Bariwali – The Landlady

Loneliness is apparently an epidemic, so I read. World over there are millions and millions of people who count themselves as being lonely and yet there is no way most of them are going to find company or companionship, rather ironic, isn’t it?

Tinder or no Tinder, some among us are going to hit the bucket alone.

Well, Rituparno Ghosh’s award winning film Bariwali or The Landlady deals with this rather delicate subject with a tenderness that makes the movie quite the classic it is.

The land lady of a large aristocratic looking mansion was widowed in her youth. She has led a lonely life and is a nervous woman who does not entertain connections with the outside world. Her slow uneventful life is thrown out of its mundane routines when a film director approaches her with a request to shoot his film at her home.

Though initially hesitant, Bonolatha is taken in by the charismatic ways of the director and agrees. Bonolatha’s maid servant is a flutter of excitement as is her manager, an old man.

While Bonolatha is drawn to the charming ways of the director, the shooting proceeds and the director even casts her in a small role. This life changing moment brings back music to Bonolatha’s soul and she is delighted.

However, after the unit packs off, Bonolatha receives a letter from Debashish a young member of the unit informing her that her role was cut off the film.
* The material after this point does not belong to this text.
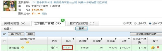 出價(jià)1.41,流量一個(gè)月才76個(gè),說明這款寶貝的定向隱性質(zhì)量得分非常低。優(yōu)化定向不能只靠出價(jià),更關(guān)鍵的是如何優(yōu)化定向的質(zhì)量得分。

With no financial compensation paid to her for the use of her property, Bonolatha realizes that she was exploited by the director who she took to be a gentleman. Her pride is hurt and her life returns to its old drudgery of load shedding and her struggle to meet the ends.

Kiron Kher effectively essays the role of the tragic heroine, Bonolatha.

Emotional weakness often lends man to become a victim of exploitation and Bonolatha’s character well depicts this awful truth of life.